Finally, in fall 2000, the Department of the Interior ruled that Kennewick Man should be given -- with no further scientific study -- to the Native American tribes for reburial.
The department said Kennewick Man was a Native American by definition and that most of the evidence showed he was culturally affiliated with the tribes in the area today.
But the scientists aren't convinced that Kennewick Man is related to the modern tribes, and their lawsuit resumes next week. They argue the government hasn't properly studied the remains.
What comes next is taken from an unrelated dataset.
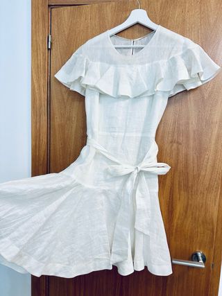 Vestido original de Sandro. Color blanco roto. Talla 40, per va bien para 36-38 también. Se usó solo en una ocasión. Perfecto estado. La capa exterior: 100% lino. Muy ligero y fresquito para los días de calor.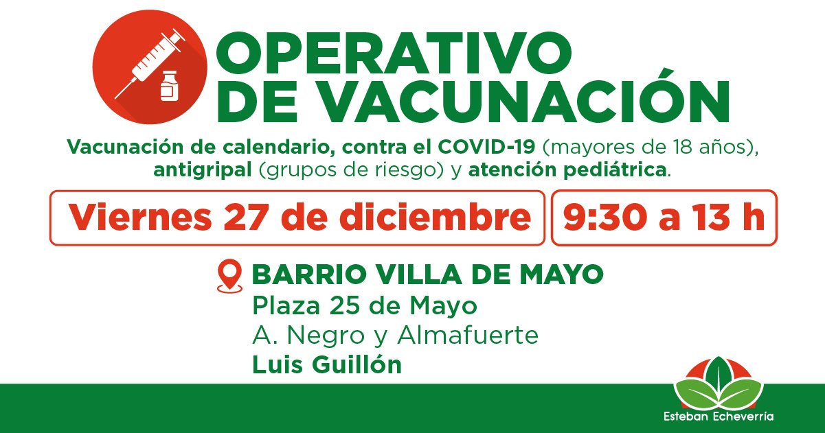El Municipio de Esteban Echeverría realizará operativos territoriales de vacunación en distintas localidades del distrito. La jornada se llevará a cabo el viernes 27 de diciembre de 9:30 a 13 horas, en Luis Guillón.

And they're concerned the law that returns early remains to Native Americans may be too broad -- it might hinder research on the first people to live in the Americas.
The scientists, who are from the Smithsonian and several universities, say Kennewick Man is especially important because he's so old and his skeleton is almost complete.
His discovery comes at a time of great uncertainty about who the first Americans were and where they came from, and the scientists don't want to lose this opportunity for what could be breakthrough findings.
The First Americans: How Did They Get Here?
Until recently, most experts thought the first Americans were big-game hunters who migrated from Siberia across a land bridge to Alaska at the end of the last Ice Age about 14,000 years ago. They traveled south and settled all over North and South America.
But anthropologists and archaeologists are now finding evidence that people lived in the Americas much earlier, maybe 20,000 or even 30,000 years ago.
There are also signs that humans lived on the Pacific Coast long ago. Could the first Americans have arrived from Asia and worked their way south by boat?
Some researchers also see a resemblance between early American and European stone tools. Did some of the first Americans come from across the Atlantic Ocean?
These are some of the questions scientists hope Kennewick Man can help answer. They say he holds clues about his physical traits, health, and lifestyle that can lead to a better understanding of the first Americans.
The American Indian tribes, however, see the scientists' claims for Kennewick Man as another in a long history of exploitation of Native American bones. The 19th century is especially notorious for Indian grave-robbing: scientists, hobbyists and museums eagerly sought and paid for artifacts and bones from Indian graves for their early-America collections. They say the Kennewick Man case could reverse the progress Native Americans have made in protecting the legal and treaty rights they have historically been denied.
What do you think? What should be done with the Kennewick Man skeleton? Can there be a compromise between the scientists' quest for information and the Native Americans' values and legal rights?